We are not able to confirm when any particular location will become available again, but we will reach out with more information if it does.

Thank you,
*The Amazon Flex Team*


----------



## Vmiyoshi

I got this email before as well, but does it work if you *don't *meet the criteria??


----------



## cynamin

It worked for me because I did meet the criteria


----------



## oldernotwiser

I deliver for Flex in the Phoenix area. Most blocks are 32-39 packages but sometimes as many as 58. Packages that will be delivered first go in the front seat next to me then I fill the backseat and then the trunk. This has worked out pretty well for me and makes the process much more efficient.

I'm an early riser so I like to drive for a bit with Uber/Lyft/Veyo and then do the Flex shift.


----------



## Vmiyoshi

cynamin said:


> It worked for me because I did meet the criteria


So you never made any deliveries in Virginia?


----------



## cynamin

It was easy to grab open blocks in Virginia. Here in Texas...whew.


----------



## Vmiyoshi

Yeah, I think they over hired. It use to not be so hard before. I switched from doing morning to afternoons because of how hard it was to get those blocks. Now I'm having the same thing with those blocks just now. I'm very unhappy. This thing is getting to unpredictable...


----------



## cynamin

YES!!! I snagged a block. It is at 12401 Stemmons Fwy. That's not the address I was told for Farmers Branch.


----------



## cynamin

Vmiyoshi said:


> Yeah, I think they over hired. It use to not be so hard before. I switched from doing morning to afternoons because of how hard it was to get those blocks. Now I'm having the same thing with those blocks just now. I'm very unhappy. This thing is getting to unpredictable...


Saturday I saw an open block for 6pm. It stayed there for a while.


----------



## Vmiyoshi

I have never seen an open block for 6PM when looking at 10PM the night before... The latest has been 5PM, anything later has been as I keep looking back in the app during that day... 6PM 6:30PM, 7PM...


----------



## cynamin

I saw that open block appear when I looked at my cell at 5pm on Saturday. Open blocks appear throughout the day


----------



## UTX1

cynamin said:


> YES!!! I snagged a block. It is at 12401 Stemmons Fwy. That's not the address I was told for Farmers Branch.

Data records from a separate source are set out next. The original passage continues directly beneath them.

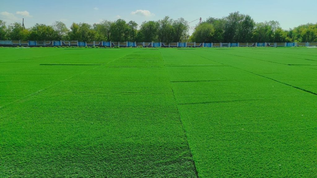 В настоящее время специалисты завершают раскатку газона и приступили к обрезке искусственной травы под размеры футбольного поля. Для обеспечения упругости поверхности и амортизации покрытие засыплют кварцевым песком с добавлением резиновой крошки, что в итоге гарантирует безопасность и сохранение качества в различных погодных условиях.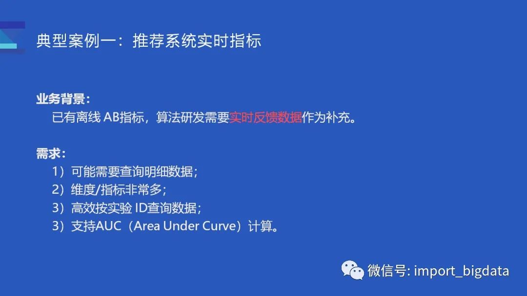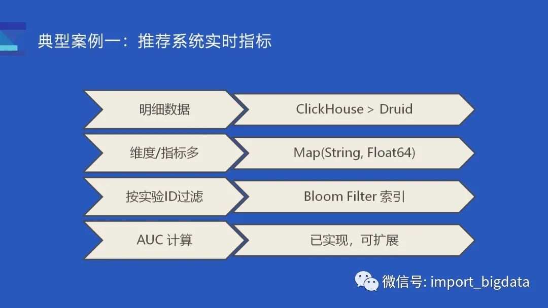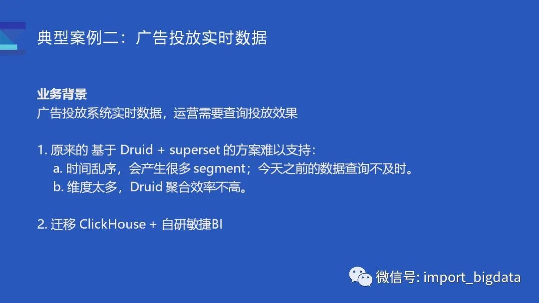 第二个典型案例是关于广告的投放数据,一般是运营同学需要查看广告投放的实时效果。由于业务的特点,当天产生的数据往往会涉及到多天的数据。这套系统原来基于 Druid + Superset 实现的,Druid 在这个场景会有一些难点: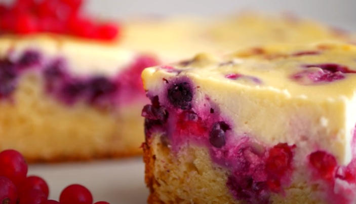 Простейший и очень вкусный творожный пирог с ягодами. Для начинки можно использовать разные ягоды и фрукты: вишни, смородину, малину, абрикосы, персики, землянику, ежевику, голубику, чернику и т.д.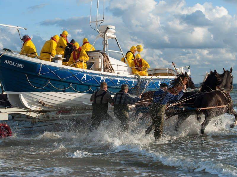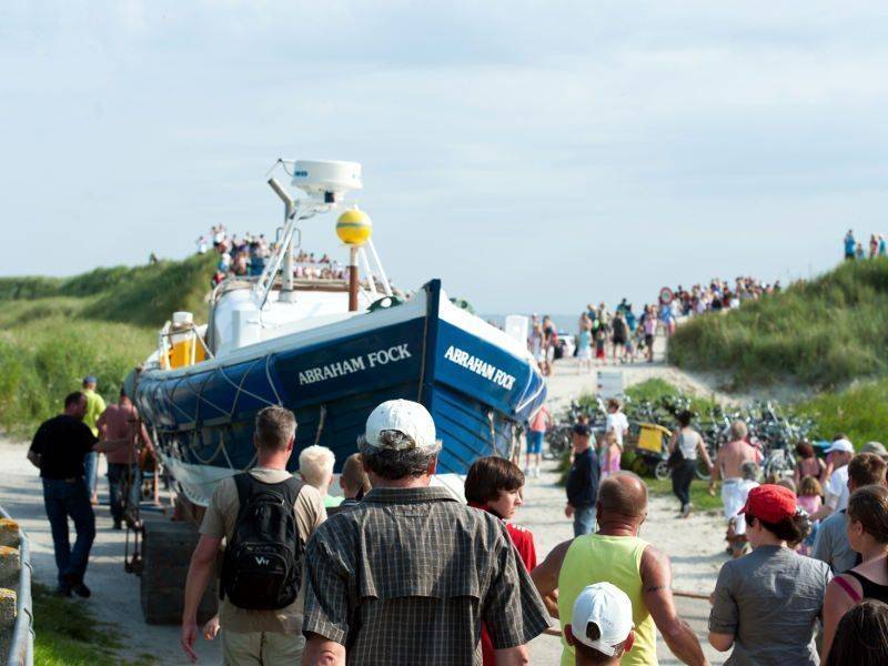 Zehn kräftige Pferde ziehen das Rettungsboot mit donnernden Hufen über den Strand durch die Brandung ins Meer. Es ist ein Erlebnis aus früheren Zeiten. Wenn heute ein Schiff in Seenot gerät, fährt das moderne Rettungsboot „Anna Margaretha” mit hoher Geschwindigkeit aus dem Hafen der Insel aus.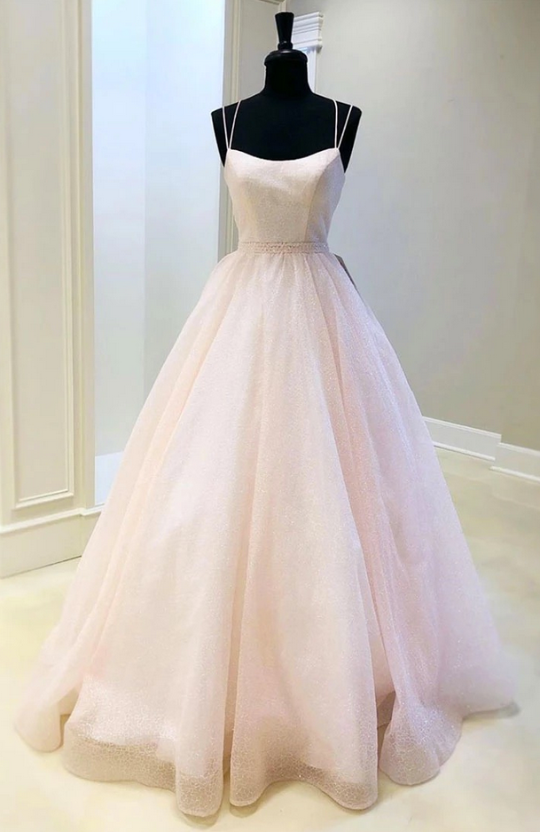 New Arrival Pink Tulle A Line Long Senior Prom Dress, Evening Dress, Pale Pink Homecoming Dress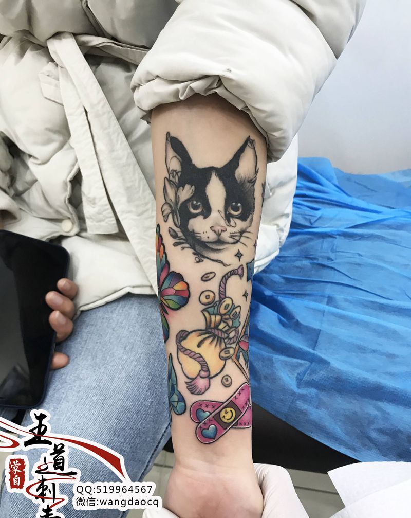 当前位置: 首页 >云南省红河哈尼族彝族自治州纹身店-蒙自王道刺青纹身图案>拼接纹身图片_手臂手部New School水彩花臂猫小清新纹身图案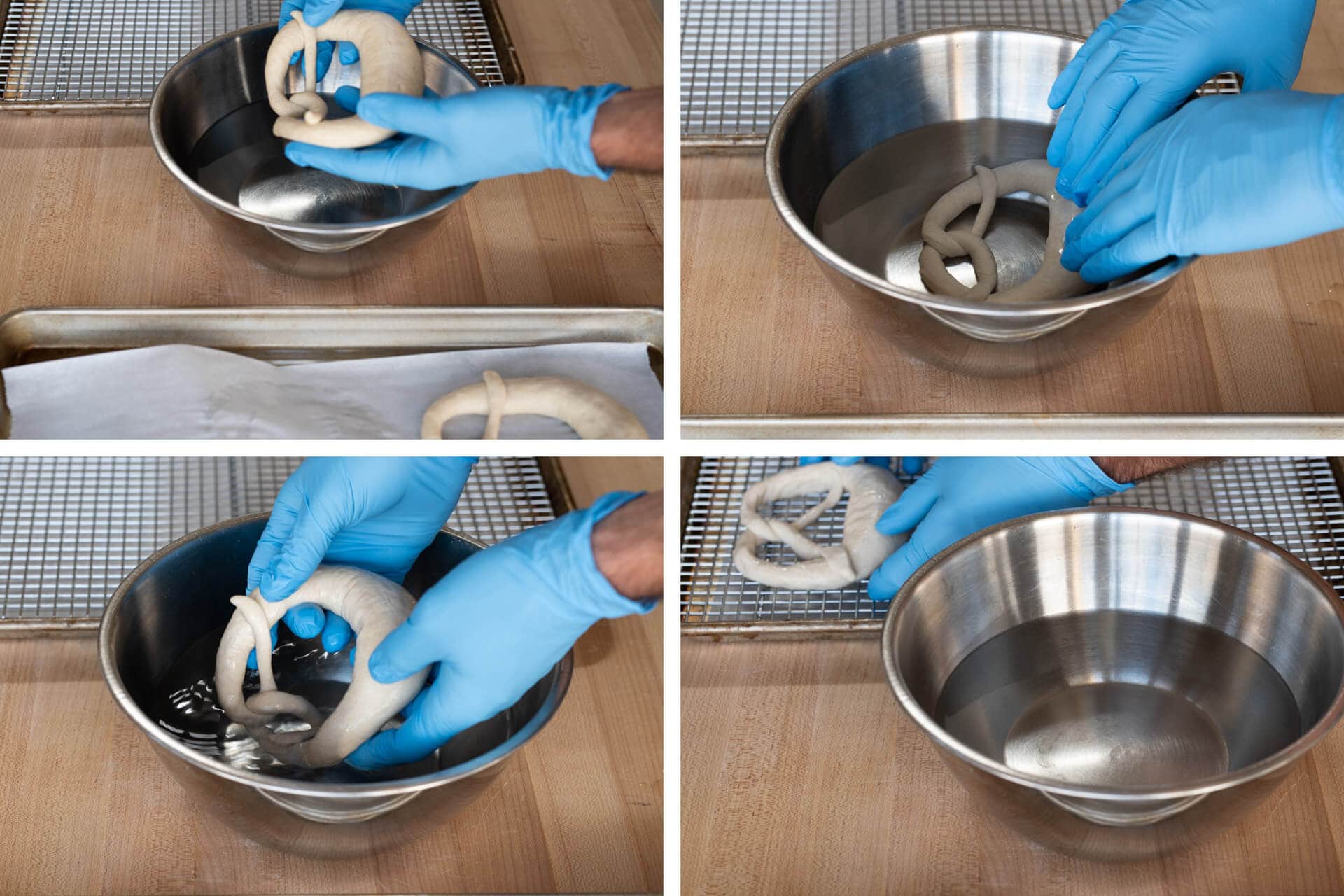 While still wearing gloves, pick up one shaped pretzel and transfer it to the lye bath (upper-left image, above). Let it sit in the bath for 15 to 20 seconds (upper-right image, above) and then transfer it to the wire rack (bottom-left and right image, above). Repeat with 5 more pretzels. Then, transfer the pretzels back to the original sheet pan (it should still have parchment paper or a silicone sheet on top) and setaside. Repeat with the remaining dough.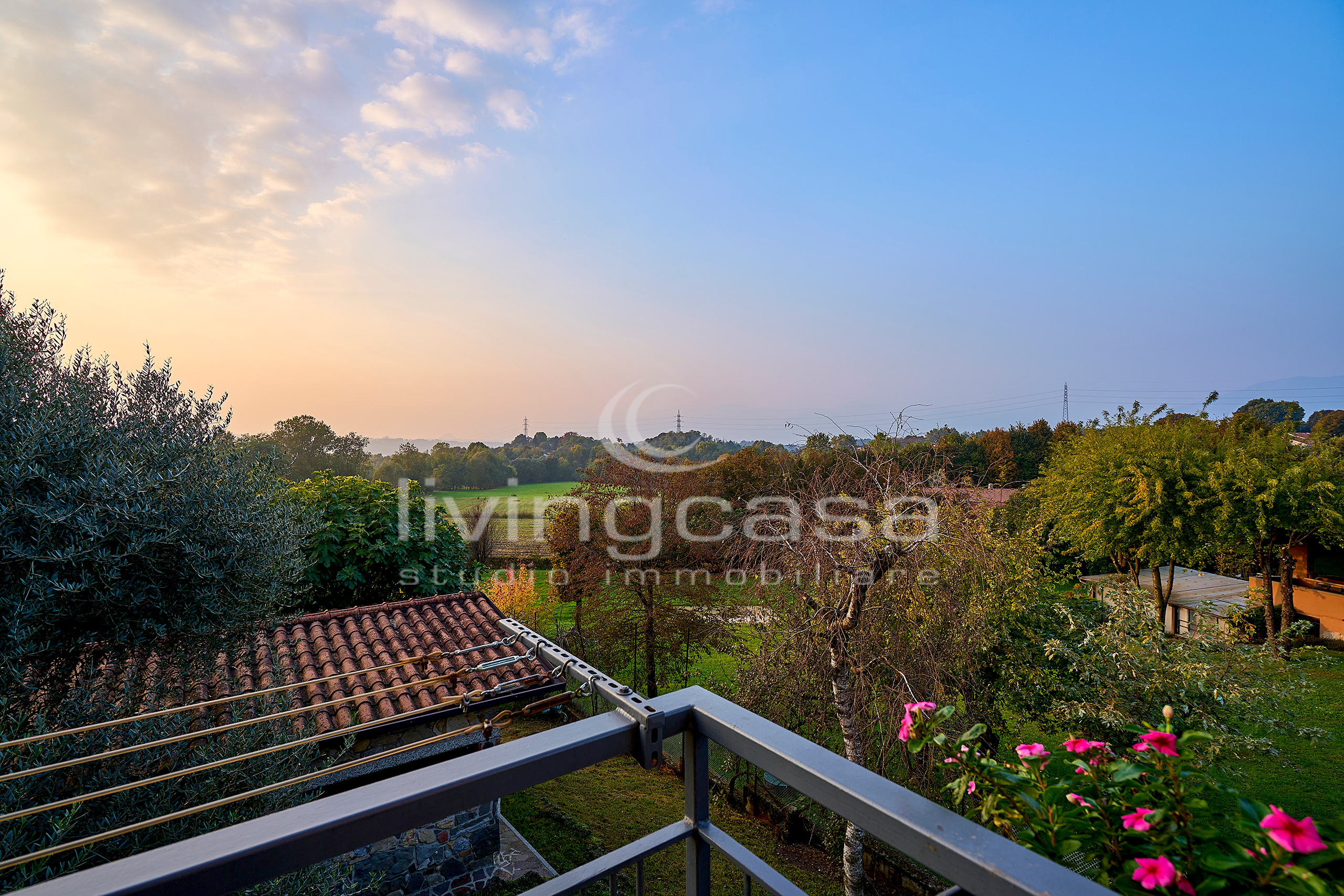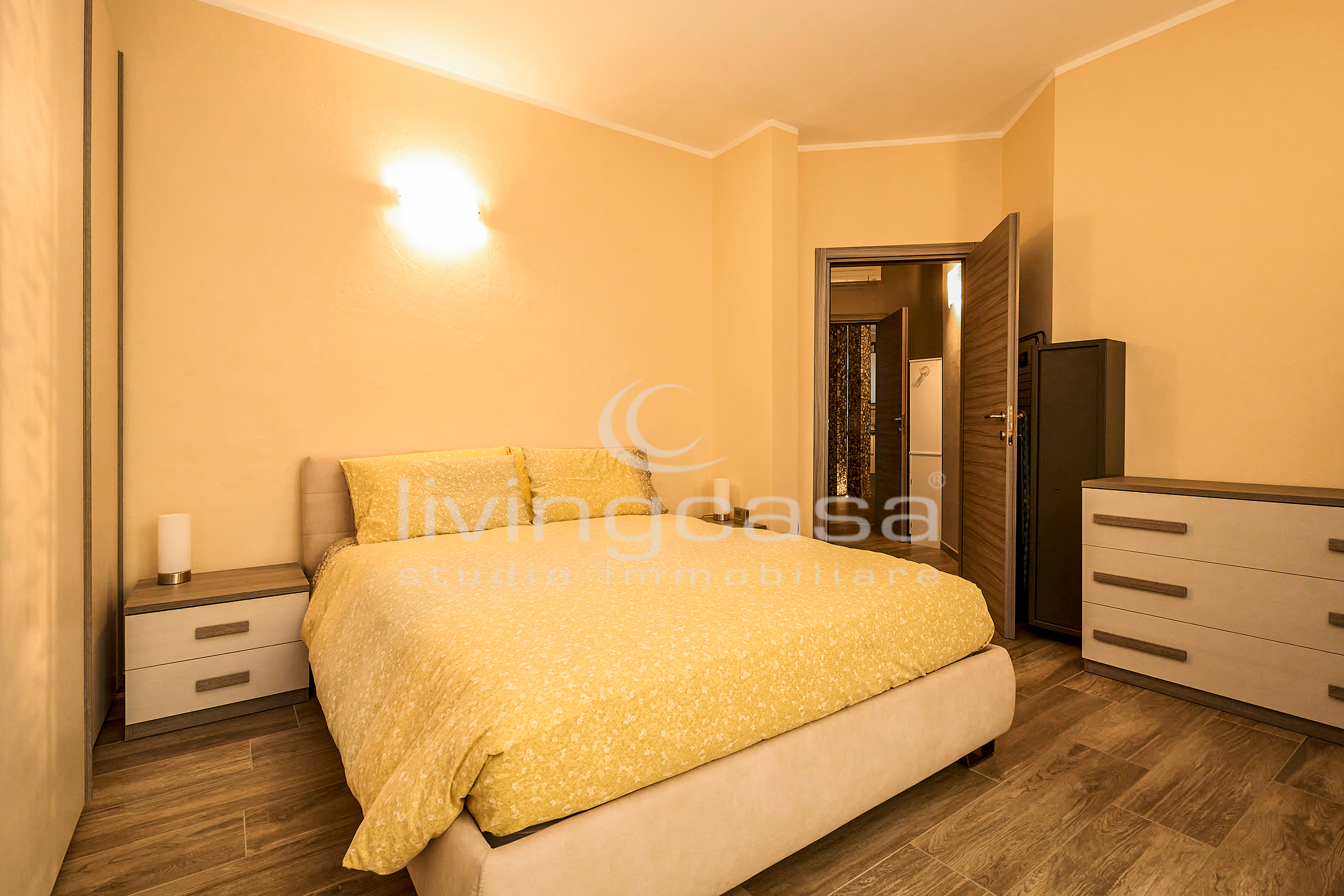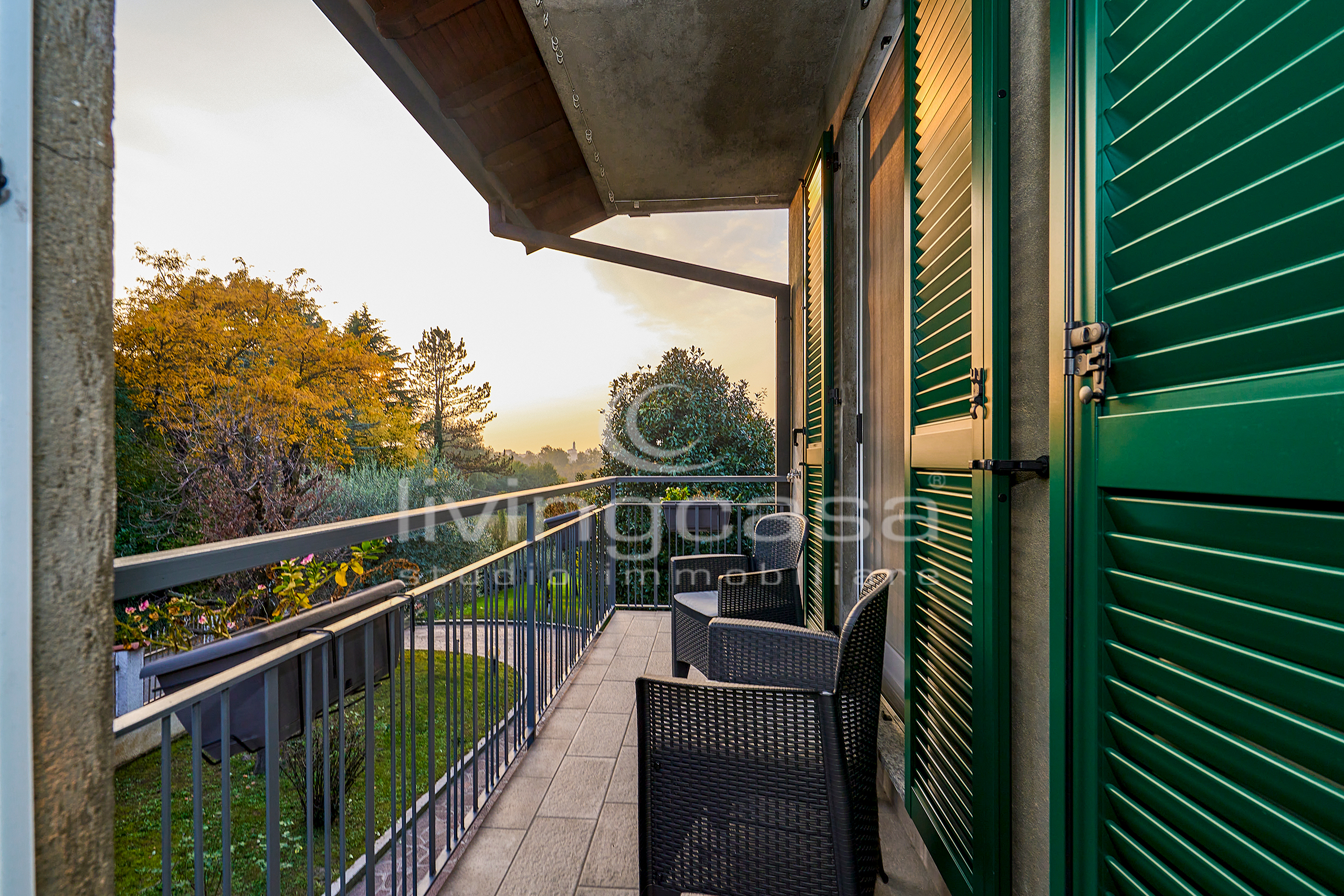 Il soggiorno, ampio e confortevole, è il cuore della casa: le porte-finestre si aprono su un secondo balcone, condiviso con la camera matrimoniale, dove respirare il verde e la quiete che circondano la proprietà.

Ooooh, you're coming to DDA1 ! I'm going to take a shower !

The 12401 Stemmons address is the same as the 2341 Springlake road address.

Anyway, when are you scheduled ?


----------



## cynamin

I got 58 packages today. I sorted just like my wonderful Flexmates instructed. It was an interesting day. I finished in 3.5 hours because of the following...

My first stop was an apt. I went in the office and was told i had to log each package in the book and then take it upstairs in a room.

The navigation had me thinking this next set of apartments was further down the street. So I followed the directions. After driving around the complex, I realized it was the same apartments duh

I drove back to the office with 6 packages (some heavy). Had to log them in and take them up stairs. That's where my time was lost.

All in all... I liked my day. I think it's crazy you have to stay until all the cars are loaded. Some people came in late. 

I wish I could have stopped at the cart before mine. It was 2 shelfs.

How was your day guys?


----------



## cynamin

UTX1 said:


> Ooooh, you're coming to DDA1 ! I'm going to take a shower !
> 
> The 12401 Stemmons address is the same as the 2341 Springlake road address.
> 
> Anyway, when are you scheduled ?


Guess


----------



## gaj

cynamin said:


> I got 58 packages today. I sorted just like my wonderful Flexmates instructed. It was an interesting day. I finished in 3.5 hours because of the following...
> 
> My first stop was an apt. I went in the office and was told i had to log each package in the book and then take it upstairs in a room.
> 
> The navigation had me thinking this next set of apartments was further down the street. So I followed the directions. After driving around the complex, I realized it was the same apartments duh. I drove back to the office with 6 packages (some heavy). Had to log them in and take them up stairs. That's where my time was lost.
> 
> All in all... I liked my day. I think it's crazy you have to stay until all the cars are loaded. Some people came in late.
> 
> I wish I could have stopped at the cart before mine. It was 2 shelfs.
> 
> How was your day guys?


Apartments can be time killers... especially when you get screwed up routing (like you did) or not all the packages are grouped in the same stop (like yours.)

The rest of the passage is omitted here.